A URL filtering server is identified by the following items, which also form the indexes into the URL filtering server statistics table:

•URL Filtering Server Address Type—Type of IP address of the URL filtering server. For example, IPv4 or IPv6.

•URL Filtering Server Address—IP address of the URL filtering server.

•URL Filtering Server Port—Port number that the URL filtering server uses to receive filtering requests.

How to Use Firewall MIBs

This section contains the following task:

•Enabling SNMP for Firewall Sessions

•Verifying Firewall Connection and URL Filtering Statistics

Enabling SNMP for Firewall Sessions

Use this task to enable SNMP for firewall-related session management.

Prerequisites

Before you can begin monitoring firewall performance via SNMP, you must set up the firewall by performing the following tasks:

•Configure a firewall policy via the ip inspect name command.

---

Note Statistics are collected only for protocols that are specified via the ip inspect name command.

---

•Enable the firewall by applying the firewall on a target via the interface command followed by the ip inspect command.
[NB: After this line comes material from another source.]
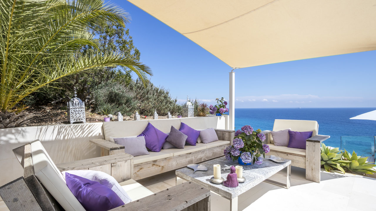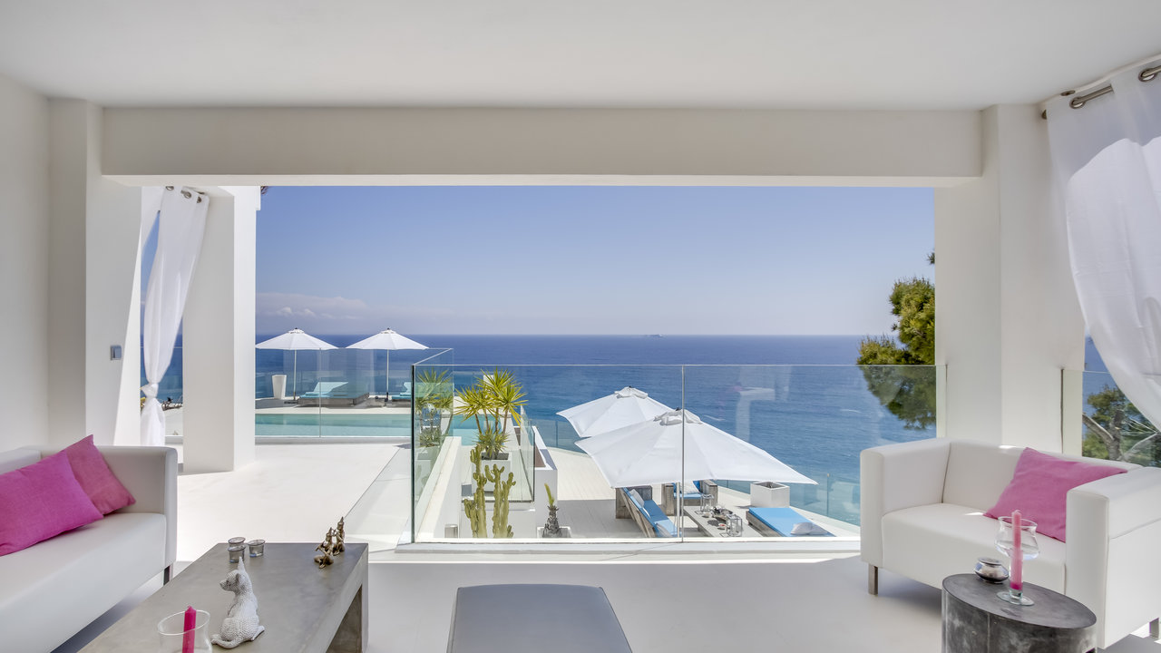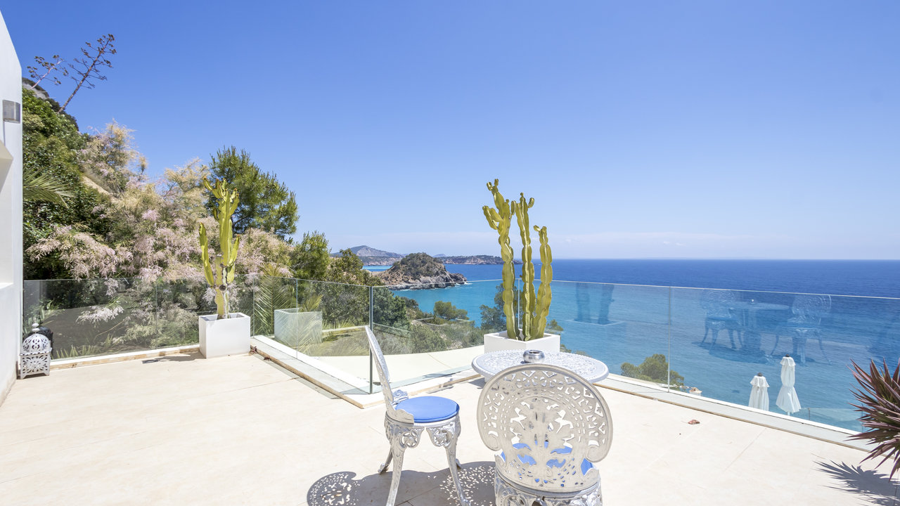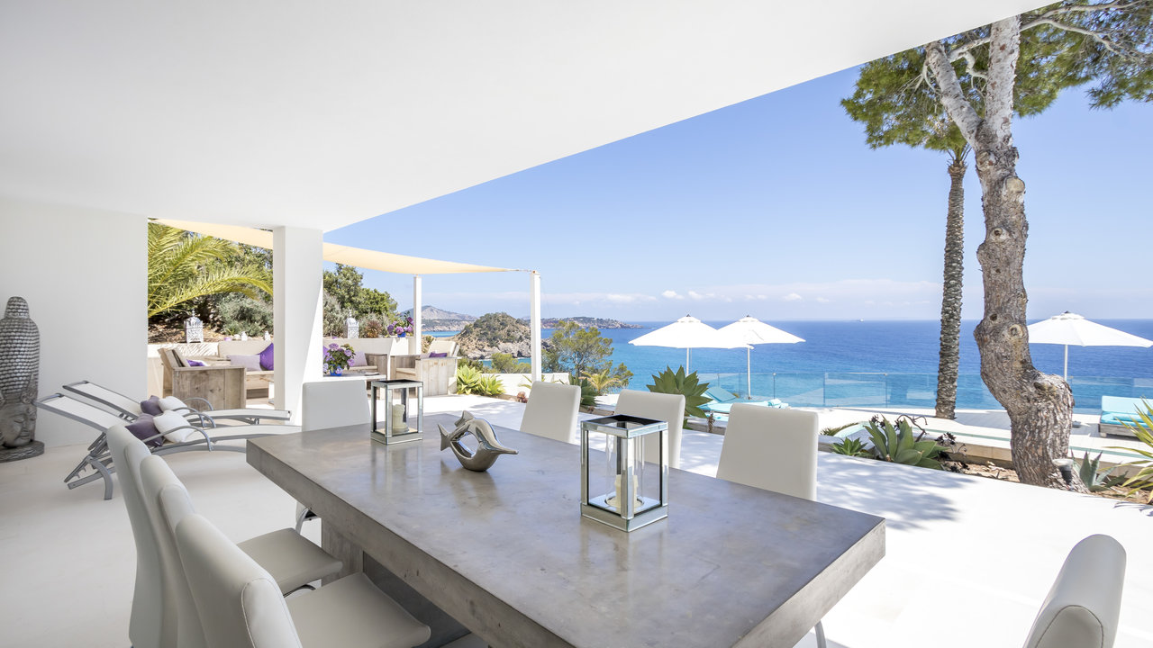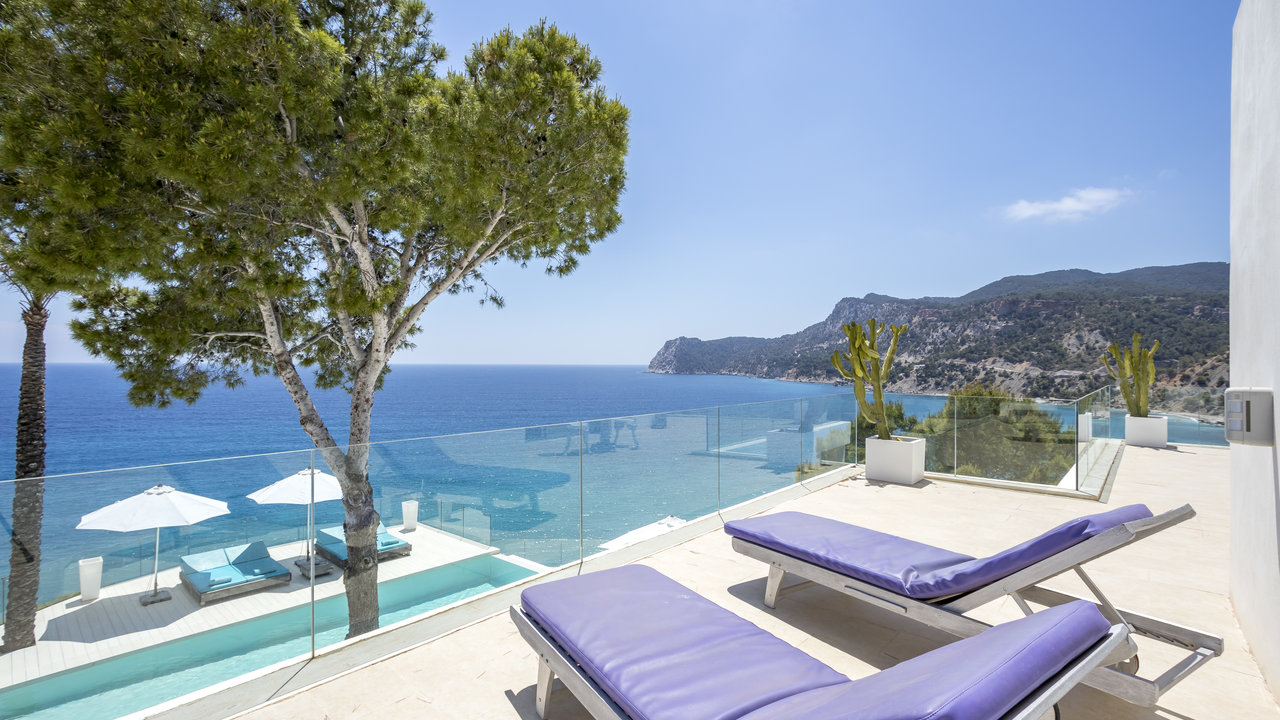 Villa Azalea stands atop a small cliff in Es Cubells at the southern side of Ibiza, just a few minutes away from the village of San José and Ibiza Town.
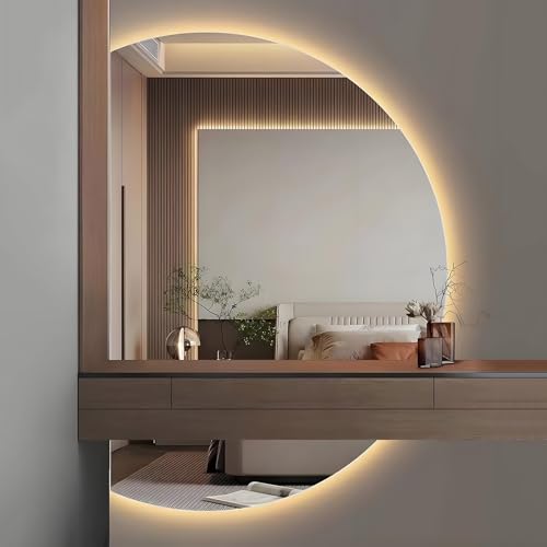 Dijateman 3 Colors Half Circle Fogless Backlit Wall Mirror with Lighted, Frameless Shatter-Proof Dressing Mirror, Dimmable, for Vanity Entryways Home Decor(Cut right,90cm)

•Enable URL filtering, if applicable, via the ip urlfilter server vendor command.

Firewall MIB Traps

To receive firewall MIB traps, you need a management station, and you must enable the snmp-server enable trap firewall serverstatuschange command (as shown in the configuration task table below).

Output for the SNMP trap fields, which are displated in on the management station, are as follows:

•Server IP Address Type (IPv4 or IPv6)

•Server IP Address Type Length. (4 for IPv4 and 16 for IPv6)

•Server IP Address

•Server Port

---

Note Only IPv4 is currently supported.

---

SUMMARY STEPS

1. enable

2. configure terminal

3. snmp-server community string

4. snmp-server host hostname community-string

5. snmp-server enable traps firewall [serverstatuschange]

DETAILED STEPS

	Command or Action	Purpose
Step 1	enable Example: Router> enable	Enables privileged EXEC mode. •Enter your password if prompted.
Step 2	configure terminal Example: Router# configure terminal	Enters global configuration mode.
Step 3	snmp-server community string Example: Router(config)# snmp-server community public	Sets up the community access string to permit access to the SNMP.
Step 4	snmp-server host hostname community-string Example: Router(config)# snmp-server host 192.168.1.1 version 2c public	Specifies the recipient of the firewall-related SNMP notifications.
Step 5	snmp-server enable traps firewall [serverstatuschange] Example: Router(config)#  snmp-server enable traps firewall serverstatuschange	Enables firewall-related SNMP notifications.

What to Do Next

After the firewall and SNMP have been properly enabled, statistics will begin to accumulate after the traffic flow starts. To verify whether statistics are being collected and view MIB counters, you can perform at least one of the steps in the task "Verifying Firewall Connection and URL Filtering Statistics."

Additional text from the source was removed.